Amazon has posted an essay-length explanation of the cloud outage that took offline some of the Web's most popular services last week. In summary, it appears that human error during an system upgrade meant a redundant backup network for the EBS (Elastic Block Service) accidentally took up the entire network traffic in the U.S. East Region, overloading it, and jamming up the system.
At the end of a long battle to restore services, Amazon says it managed to recover most data but 0.07 percent "could not be restored for customers in a consistent state". A rather miserly 10-day usage credit is being given to users, although users should check their AWS (Amazon Web Services) control panel to see if they qualify. No doubt several users are also consulting the AWS terms and conditions right now, if not lawyers.
[ Get the no-nonsense explanations and advice you need to take real advantage of cloud computing in InfoWorld editors' 21-page Cloud Computing Deep Dive PDF special report. | Keep up on the day's tech news headlines with InfoWorld's Today's Headlines: Wrap Up newsletter. ]
A software bug played a part, too. Although unlikely to occur in normal EBS usage, the bug became a substantial problem because of the sheer volume of failures that were occurring. Amazon also says their warning systems were not "fine-grained enough" to spot when other issues occurred at the same time as other, louder alarm bells were ringing.

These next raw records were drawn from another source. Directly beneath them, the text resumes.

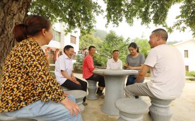 图:2021年6月1日,湖北省十堰市房县五台乡红场村移民在古村下畅谈幸福生活。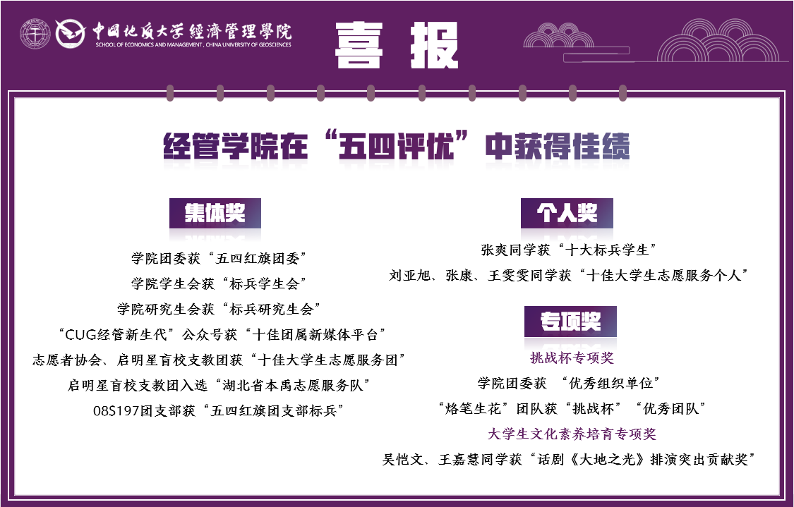 微信公众号“CUG经管新生代”荣获“十佳团属新媒体平台” !
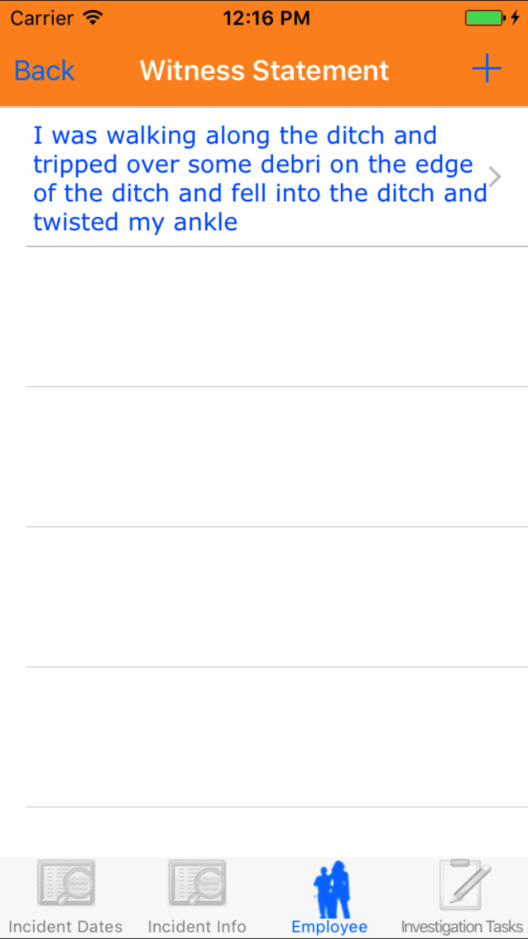 - Tap the + icon in the top right corner to load the add witness statement screen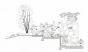 為了更充分地利用空間,在休閑平臺的的下方做了一個架空層,作為一個小型的會所和設(shè)備間。瀑布從架空的前方垂掛而下形成了一條水幕,給架空層添了一道朦朧的屏風(fēng);從外面看去會所就像水簾洞一般夢幻。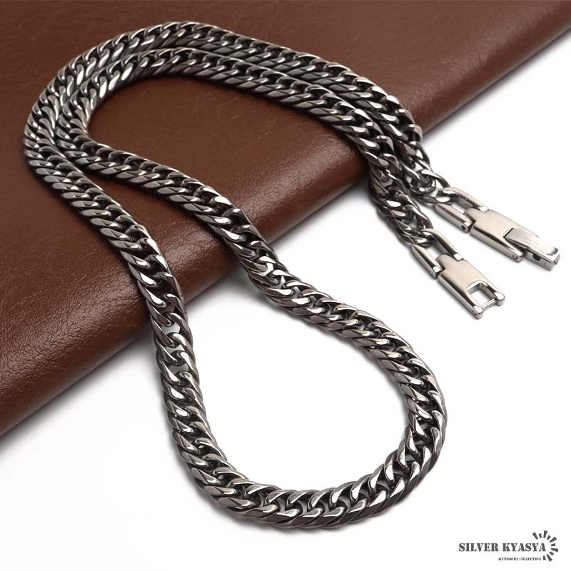 ■ダブル喜平×チタン 高密度で存在感あふれるダブル喜平のネックレスにチタンタイプが登場。程よいサイズ感で普段のファッションに馴染みやすいアイテムです。留め具は見た目がお洒落で人気の中折れ式を採用。 ■チタンアクセサリー 耐食性が高く汗や水分に強い、レジャーシーンなどで大活躍するチタン素材を使用。丈夫で長持ちする素材なので永く使えるアイテムです。さらにその軽さは付けているのを忘れるほどの快適な装着感を実現。つけっぱなしにもおすすめです。 | |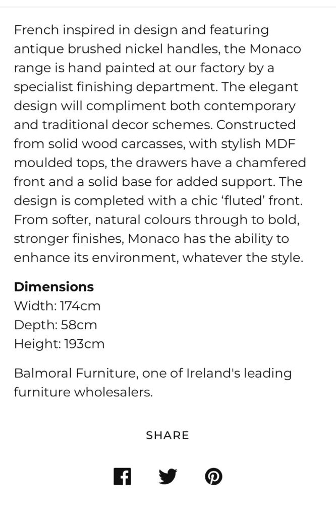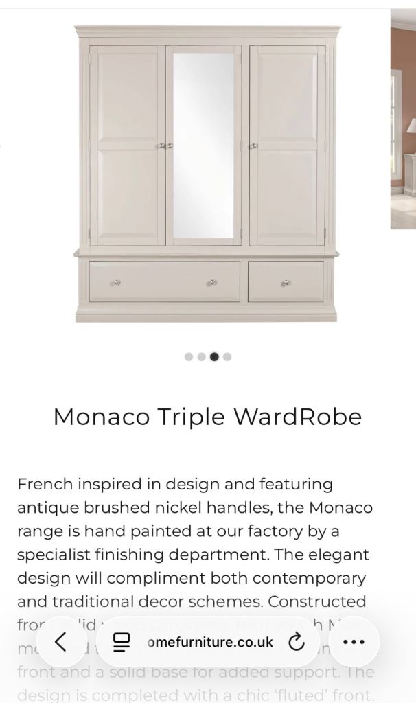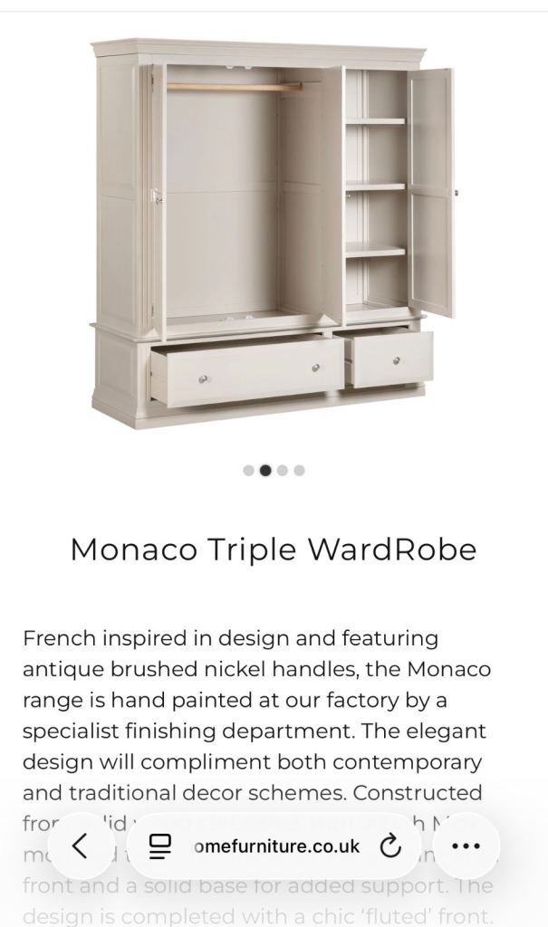 Beautiful triple wardrobe from Monaco range. Excellent condition, only a few years old. Only selling due to house move. Over £100O new so chance to get a real bargain. Matching double chest of drawers available too. Colour: Farrow and Ball Elephant’s Breath. Beautiful neutral tone. £250 or best offer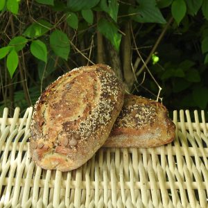 Pain complet 1kg – Farine T110 bio (moulin Mariège), flocons d’avoine bio, eau, sel, levain de blé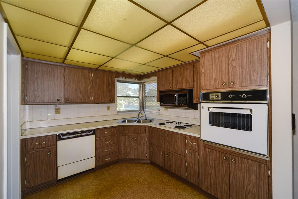 Property is located on a spacious lot with 1 covered carport and plenty of room for additional vehicles. Very large front porch great for relaxing. As you enter this property you see the living and dining room, split floor plan. 3 Bedroom 2 Bath lake front home! Master bedroom has private bathroom and door leading to backyard. Lots of potential in this property. Inside laundry room with door leading to carport. Terrazzo flooring in the entire property. No central AC, two wall AC's. Very large and spacious covered screened in patio overlooking the lake. Very secluded and private backyard in highly desirable area.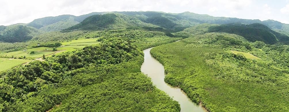 沖縄県で本島の次に大きい西表島。島の90%が亜熱帯のジャングルで、大小40以上の川があり、河口域にはマングローブ林が広がっている。天然記念物のイリオモテヤマネコをはじめ、カンムリワシ、セマルハコガメ、キシノウエトカゲなど珍しい動物も棲息し、東の小笠原諸島などと並んで「東洋のガラパゴス」と呼ばれることも多い。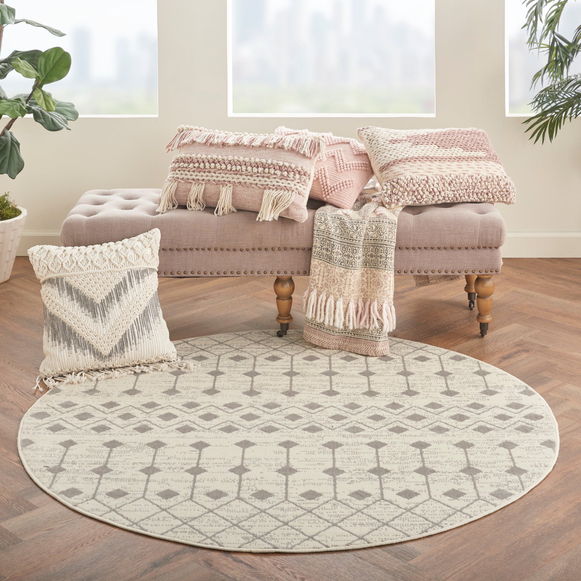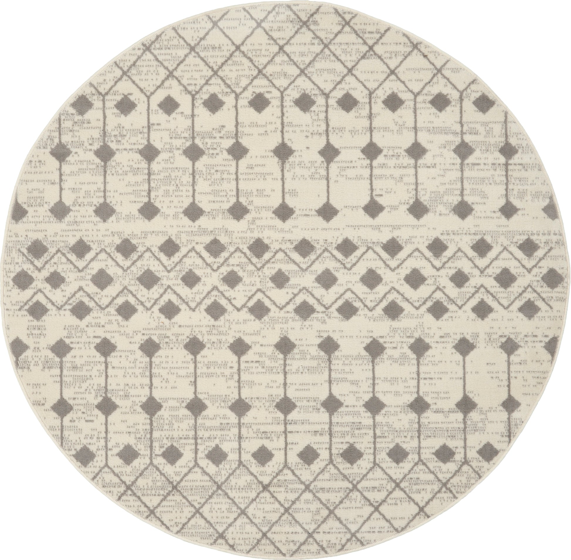 Nourison Grafix 5'3" x Round Ivory/Grey Bohemian Indoor Rug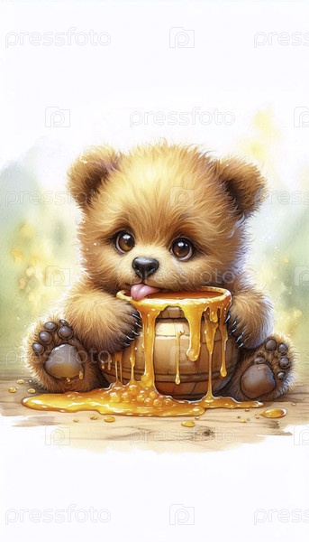Медвежонок с медовой кастрюлей Акварельный арт-принт, Ai generated image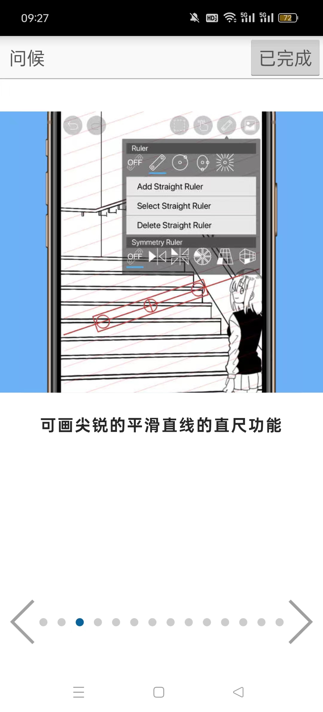 用于绘制图形等的标尺工具功能(以前的标尺,圆形标尺,椭圆标尺,浓度线标尺)。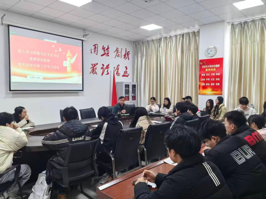 党课围绕四个部分展开。首先,武兵带领大家深入学习领会了习近平总书记关于宗教工作特别是推进宗教中国化的重要讲话精神,强调了坚持我国宗教中国化方向的重大意义。随后,他重点阐述了学生党员和入党积极分子在维护校园意识形态安全、防范宗教向校园渗透中的特殊职责与使命,明确了具体的行动要求。在实践路径部分,武兵提出了清晰的工作思路与举措,要求支部成员提高政治站位,明确三个坚决反对,落实四项具体举措。最后,他进行总结并发出号召,希望全体学生党员和入党积极分子坚定理想信念,争做维护校园和谐稳定的排头兵,共同构筑起坚不可摧的高校宗教工作安全防线。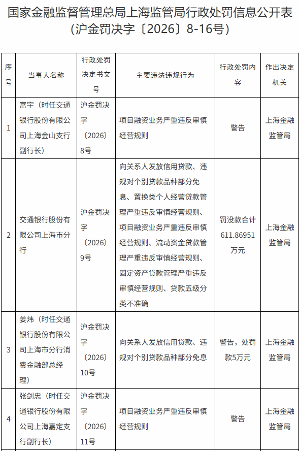 财韵洞察网||国家金融监督管理总局上海监管局近日对交通银行股份有限公司上海市分行开出重磅罚单,罚没款合计611.87万元,同时对该分行及辖内支行8名时任负责人处以行政处罚。
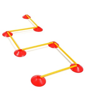 Trainingspakket met: 5 voeten + 5 stokken (1m50 in 3 stuks) 1 loopladder + tas1 parachute + tas1 pomp6 haagjes (2 x 15cm + 2 x 23cm + 2 x 30cm) 10 kleine kegels 23cm50 Markeerschijven1 tas voor al dit materiaal
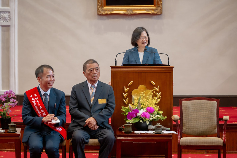 總統也感謝同濟會,長期舉辦如此有意義的表揚活動,也期待各位得獎人未來與政府一起努力,持續精進我們的農業技術,讓臺灣的農產品行銷到全世界。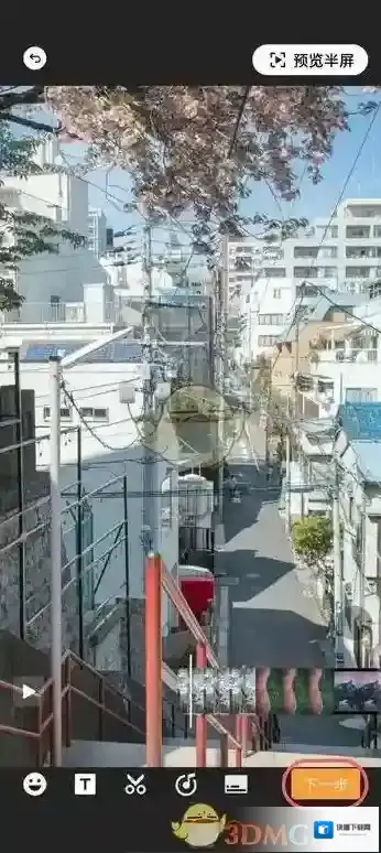 6、导入视频之后,自动识别视频的比例后,如果是9:16,将自动显示全屏,点击下一步;
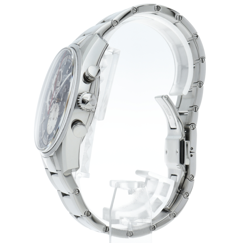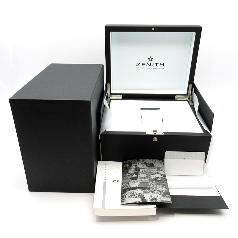 もはや説明は要らない程の絶大な人気と知名度を持つ、名機エルプリメロを搭載した「クロノマスター」。1969年発表の初代エル・プリメロをイメージした色使いが特徴的です。シースルーバッグからムーブメントもご覧頂けます。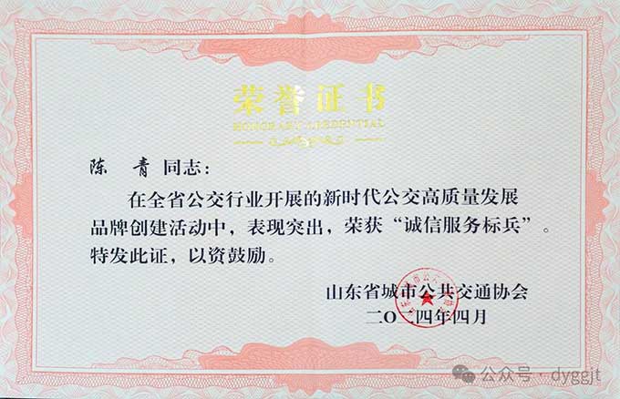陳青同志現(xiàn)為市公交集團(tuán)汽車五隊(duì)5路公交車駕駛員,該同志始終牢記“以乘客為中心”發(fā)展理念,認(rèn)真貫徹落實(shí)“用心服務(wù),待乘客如親人”服務(wù)理念,兢兢業(yè)業(yè)地奮戰(zhàn)在5路線上近10余個(gè)春夏秋冬,2024年被評(píng)為山東省公交行業(yè)誠(chéng)信服務(wù)標(biāo)兵。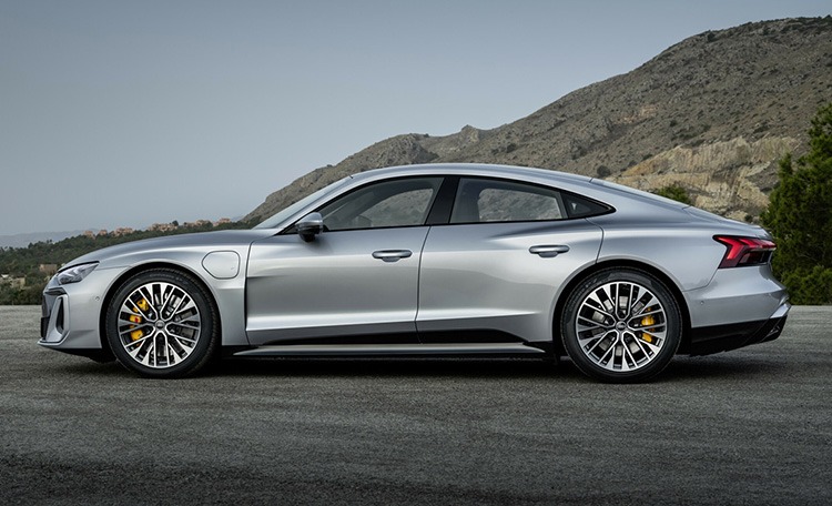 Внешность изменена точечно. Появился новый передний бампер с пересмотренными воздухозаборниками и уменьшенным количеством черного глянца. Версия RS e-tron GT стала выглядеть еще агрессивнее благодаря развитому обвесу с массивным диффузором на корме. А на вершине гаммы расположилась новая модификация RS e-tron GT performance, для которой за доплату предложены углепластиковый декор и матовая окраска крыши. Пересмотрены палитра цветов кузова и дизайн колес. Например, появились кованые колеса диаметром 21 дюйм в стиле концепта Audi Avus 1991 года.

Amazon calls the outage a "re-mirroring storm." EBS is essentially the storage component of the EC2 (Elastic Compute Cloud), which lets users hire computing capacity in Amazon's cloud service.
EBS works via two networks: a primary one and a secondary network that's slower and used for backup and intercommunication. Both are comprised of clusters containing nodes, and each node acts as a separate storage unit.
There are always two copies of a node, meant to preserve data integrity. This is called re-mirroring. Crucially, if one node is unable to find its partner node to backup to then it'll get stuck until it can find a replacement, and will keep trying until it can find a node. Similarly, new nodes need also to create a partner to be valid, and will get stuck until they can succeed.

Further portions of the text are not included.